*** The data ***
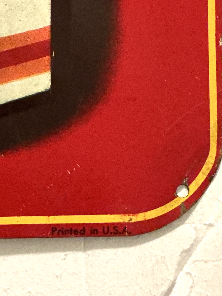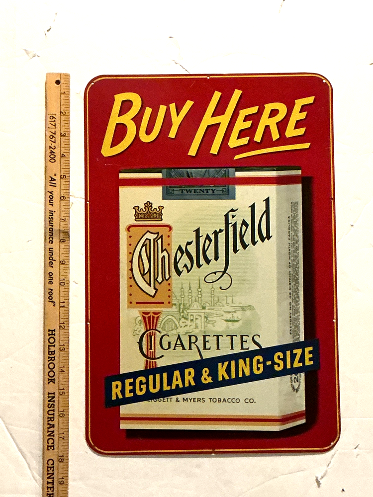 THIS LISTING IS FOR A VINTAGE 1950s-1960s SIGN IN GREAT ORIGINAL CONDITION “BUY HERE CHESTERFIELD CIGARETTES REGULAR & KING SIZE” (ADVERTISING SIGN) ITS 12” X17.5” AND MADE OUT OF TIN, ALSO MARKED MADE IN USA IN THE BOTTOM RIGHT HAND CORNER.
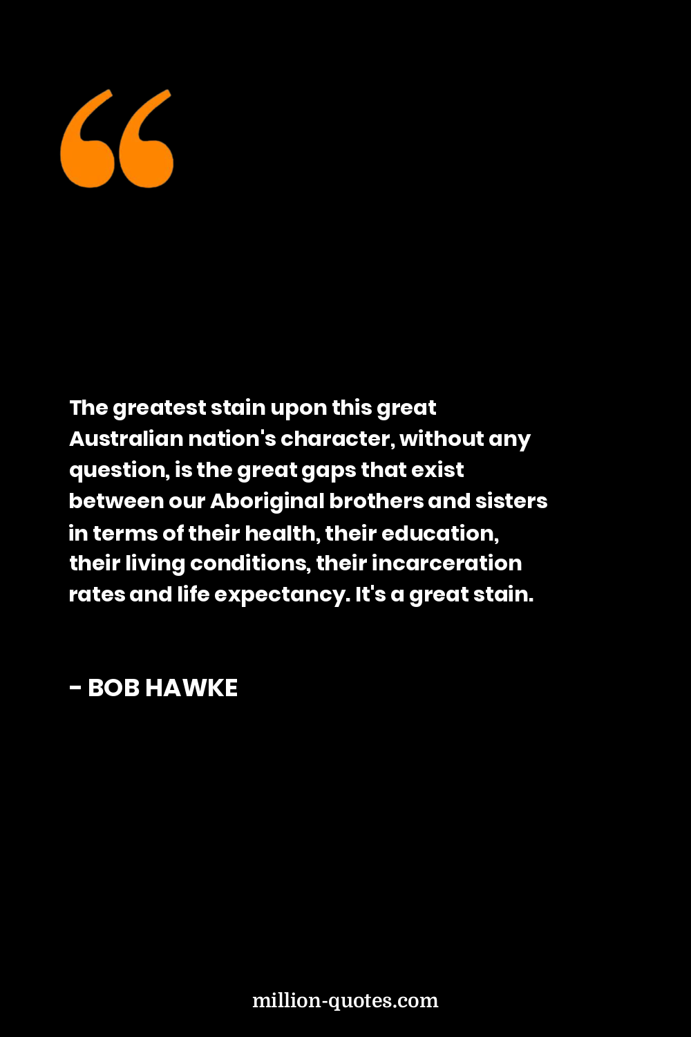 The greatest stain upon this great Australian nation's character, without any question, is the great gaps that exist between our Aboriginal brothers and sisters in terms of their health, their education, their living conditions, their incarceration rates and life expectancy. It's a great stain.
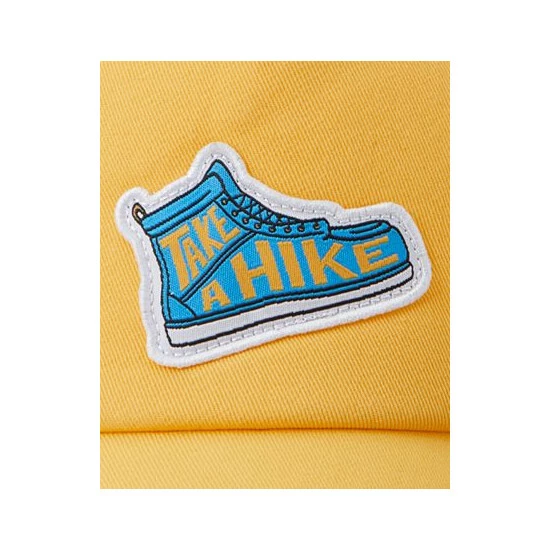 In breathable mesh, this graphic hat from Sun + Stone features a shoe patch at the front and an adjustable back.
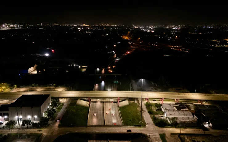 Các khu dân cư không có điện, đường cao tốc tối tăm do mất điện tại Houston, bang Texas, ngày 12/7 (Ảnh: AFP)
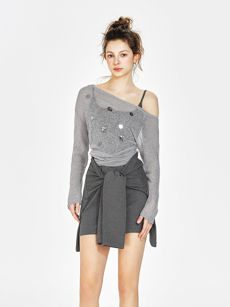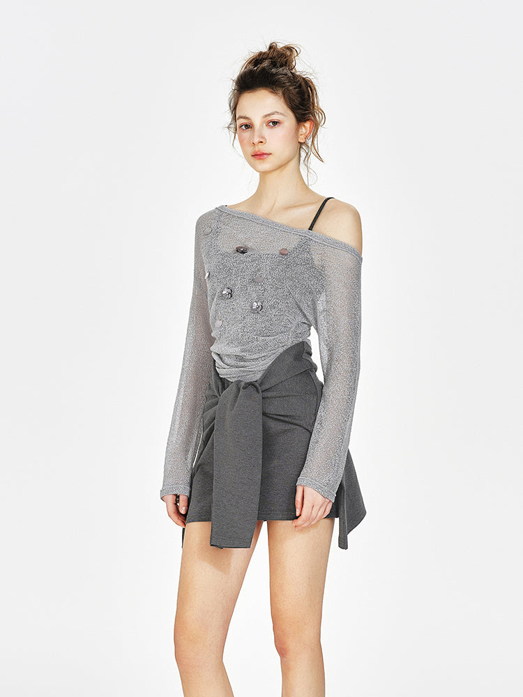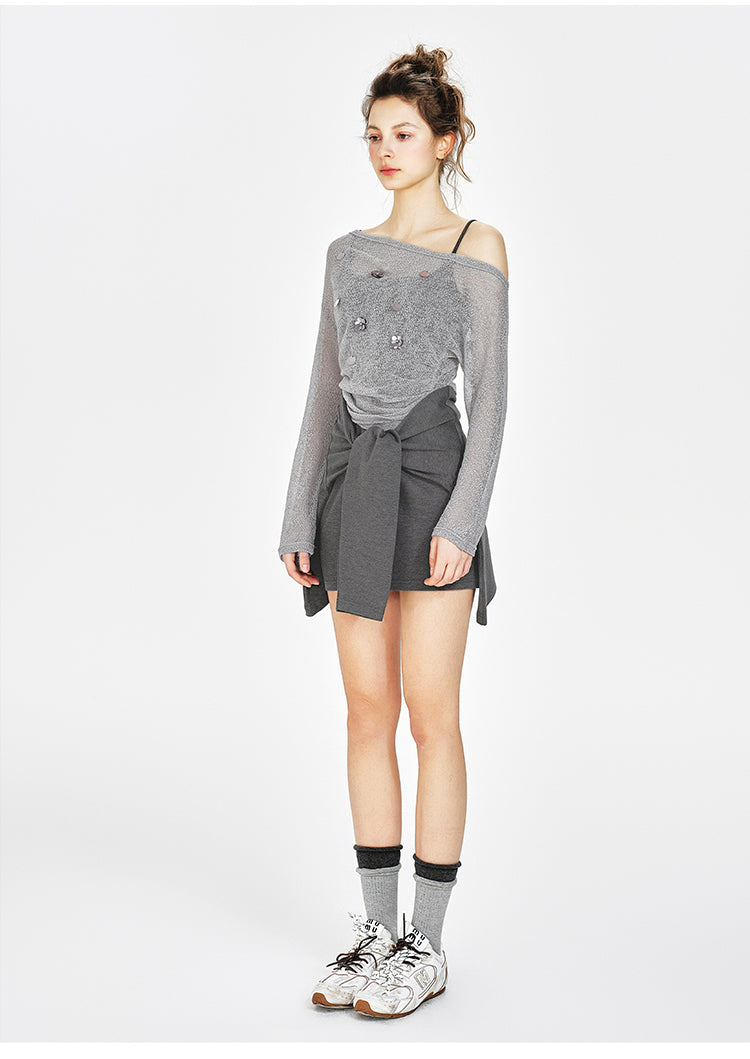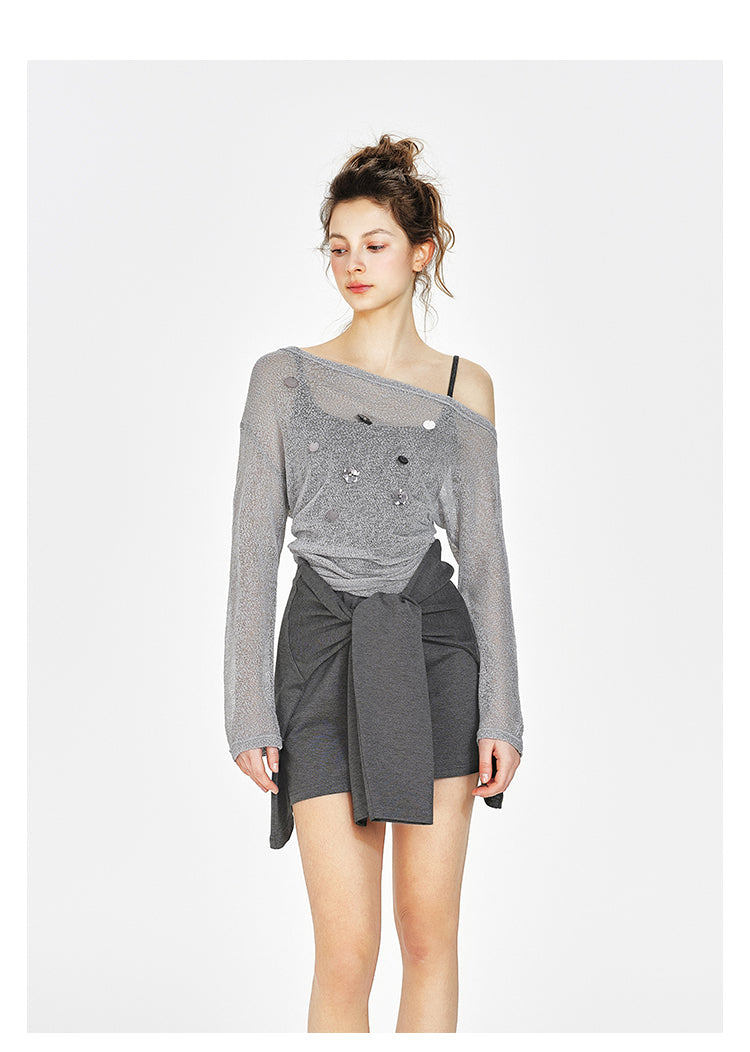 Off-Shoulder Sheer Top, Tie-Front Faux Layered Dress
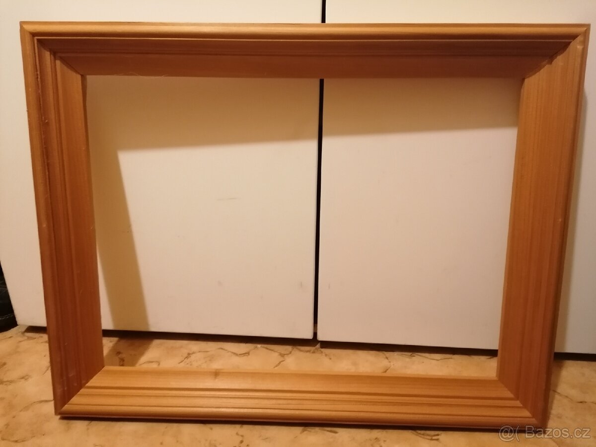 Cena: V textu. Dva velké dřevěné rámy obrazů. Rozměr : První rám - vnější 70 x 44,5 cm, vnitřní 59 x 33 cm, hloubka rámu 4,7 cm. Druhý rám - vnější 63,2 x 49 cm, vnitřní 52.5 x 38 cm, hloubka rámu 4,7 cm. Cena : 250 Kč kus, při koupi obou rámů - cena 400 Kč za oba.
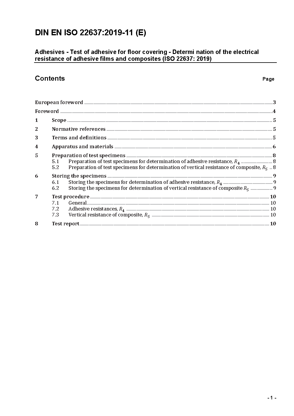 Adhesives - Test of adhesive for floor covering - Determination of the electrical resistance of adhesive films and composites (ISO 22637:2019); German version EN ISO 22637:2019
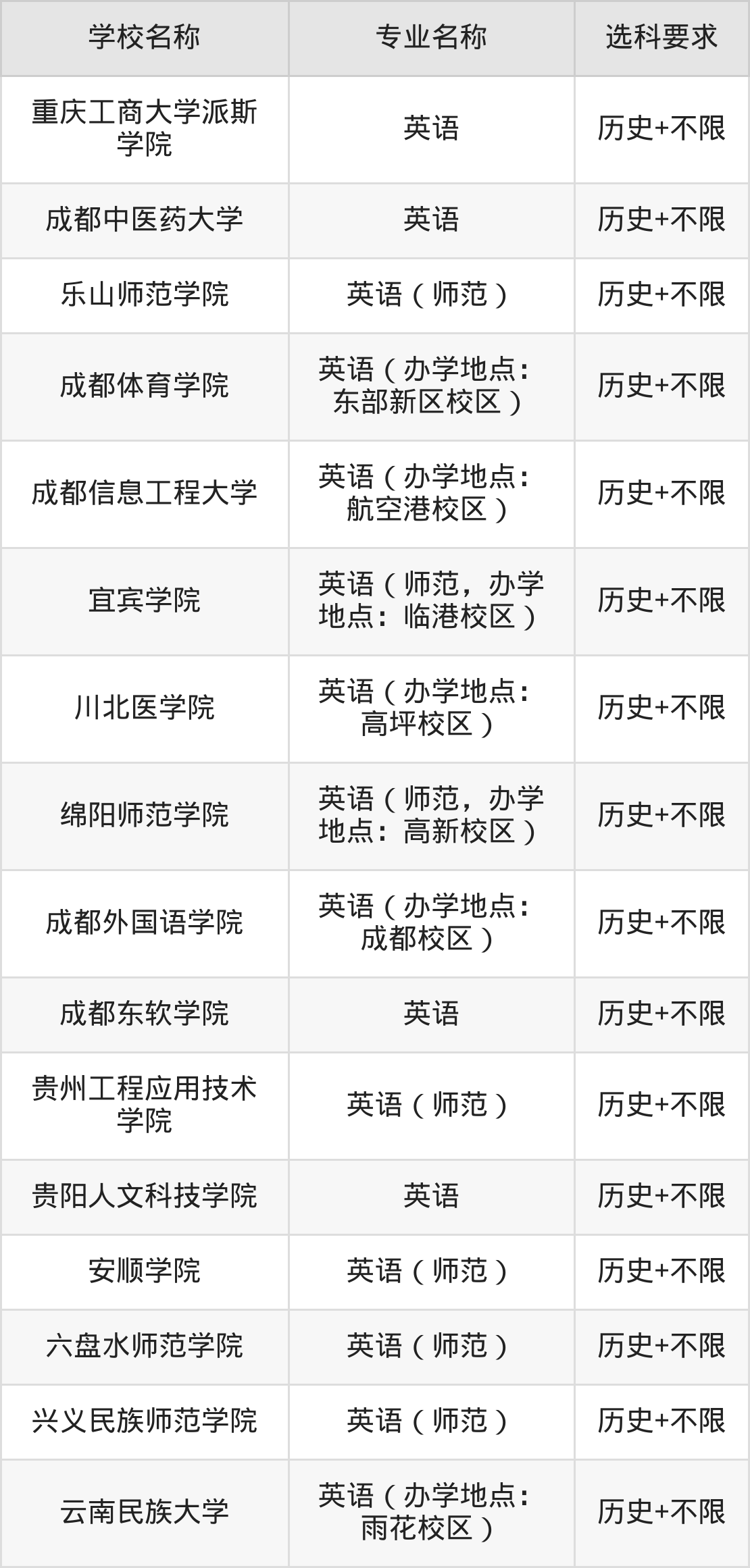 | 四川外国语大学 | 英语(教育学双学 位,英语+教育学 双学位专业,详情 请查看招生章程) | 物理+不限 |
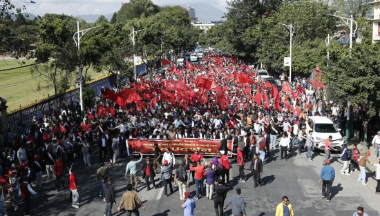 सर्वपक्षीय अन्तरिम सरकारको माग गर्दै काठमाडौंमा नेकपाको प्रदर्शन
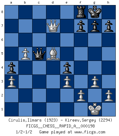 Last move : 1/2-1/2 2017 February 26 17:20:51 [Event "FICGS__CHESS__RAPID_A__000198"] [Site "FICGS"] [Date "2017.01.12"] [Round "1"] [White "Cirulis,Ilmars"] [Black "Kireev,Sergey"] [Result "1/2-1/2"] [WhiteElo "1923"] [BlackElo "2294"] 1.b4 e5 2.a3 d5 3.Bb2 Nd7 4.e3 a5 5.d4 exd4 6.Qxd4 Ngf6 7.Nf3 Bd6 8.Be2 O-O 9.O-O Qe7 10.b5 c5 11.bxc6 bxc6 12.c4 Ba6 13.Ra2 Rfb8 14.Qd1 a4 15.Nd4 Qe5 16.g3 Rxb2 17.Rxb2 c5 18.Re1 Bc7 19.Nb5 Ba5 20.Rc2 Bxe1 21.Qxe1 Rb8 22.Qd1 Bxb5 23.cxb5 c4 24.Nc3 Nc5 25.Bf3 Nd3 26.Be2 Ne4 27.Nxe4 dxe4 28.Rxc4 Nb2 29.Qd7 Nxc4 30.Bxc4 Qc5 31.Bd5 Rf8 1/2-1/2 Polish (Sokolsky) opening Kingside Castling by player Black (move 8) Kingside Castling by player White (move 9) This chess game ended in a draw. Follow this game move after move (download)It is not enough to be a good player... you must also play well. (Siegbert Tarrasch) Wenn Dein Gegner dir ein Remis anbietet, versuch herauszufinden, weshalb er glaubt schlechter zu stehen. (Nigel Short) Al jugar al Ajedrez entonces, podemos aprender: Primero: Previsión... Segundo: Prudencia... Tercero: Cautela... Y al final, aprendemos del Ajedrez el hábito de no ser desanimados por apariencias malas presentes en el estado de nuestros asuntos, el hábito de la esperanza por una oportunidad favorable y la perseveración de los secretos de los recursos. (Benjamin Franklin) Ce qui est bien, c'est d'avoir tout un tas de pièces en prise : l'adversaire ne peut en prendre qu'une à la fois. Cité par Thierry Audin. I don't diet. I just don't eat as much as I'd like to. (Linda Evangelista, supermodel)
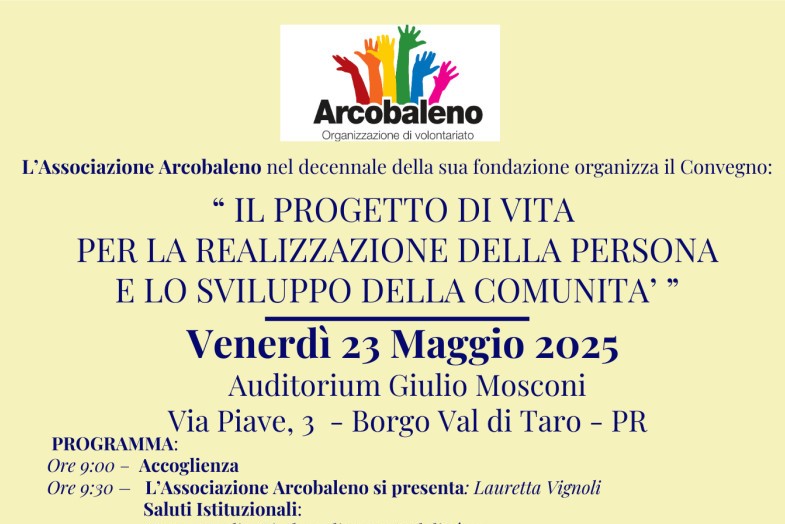 L’Associazione Arcobaleno celebra il decimo anniversario della sua fondazione con un convegno dedicato ai progetti di vita e allo sviluppo comunitario.
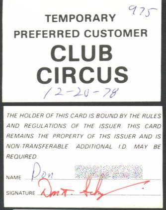 Recollections: The following are recollections of others who have been kind enough to submit their personal memories to the webmaster. You are welcome to do the same! Circus - Was off and on popular dance bar. Remember guys doing line dances to songs like The Hustle and Ease On Down The Road. |
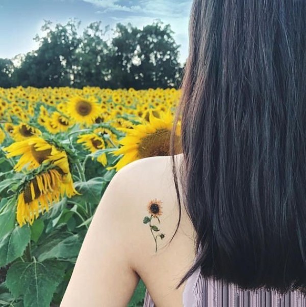 适合女生的一组很漂亮的小清新向日葵纹身图
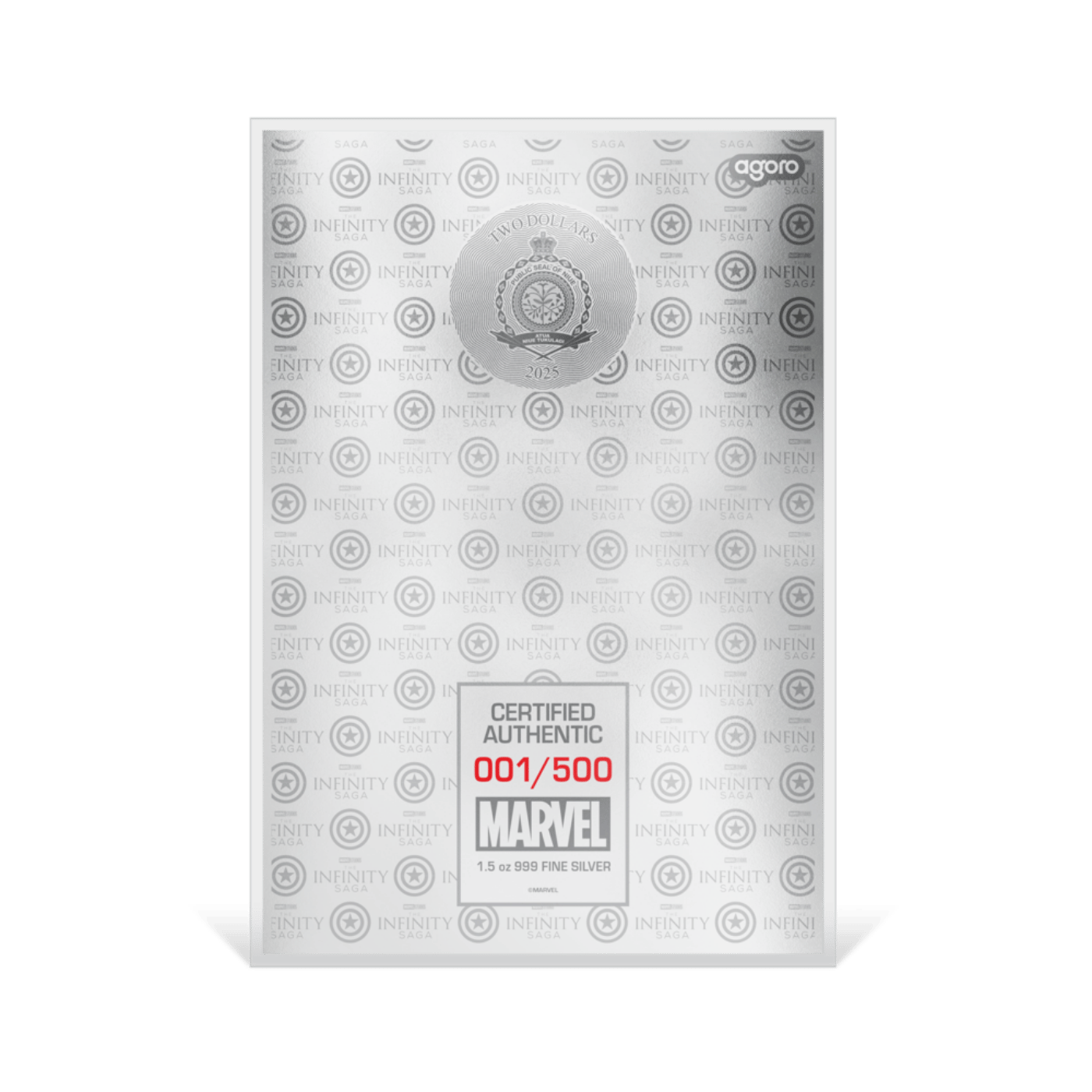 The third Marvel The Infinity Saga foil pays homage to one of the mightiest heroes in the Marvel Universe. Captain America fights for freedom as the ultimate weapon against evil. Now, this shining sentinel of liberty is featured on 1.5oz 999 pure silver.
*** End of The data ***
Task to carry out — Using the data above, which lines fall from the one with "Recollections: The following" through the one with "适合女生的一组很漂亮的小清新向日葵纹身图"? Repeat them exactly, ends included, minus any pictures.

Response below —
 Recollections: The following are recollections of others who have been kind enough to submit their personal memories to the webmaster. You are welcome to do the same! Circus - Was off and on popular dance bar. Remember guys doing line dances to songs like The Hustle and Ease On Down The Road. |
 适合女生的一组很漂亮的小清新向日葵纹身图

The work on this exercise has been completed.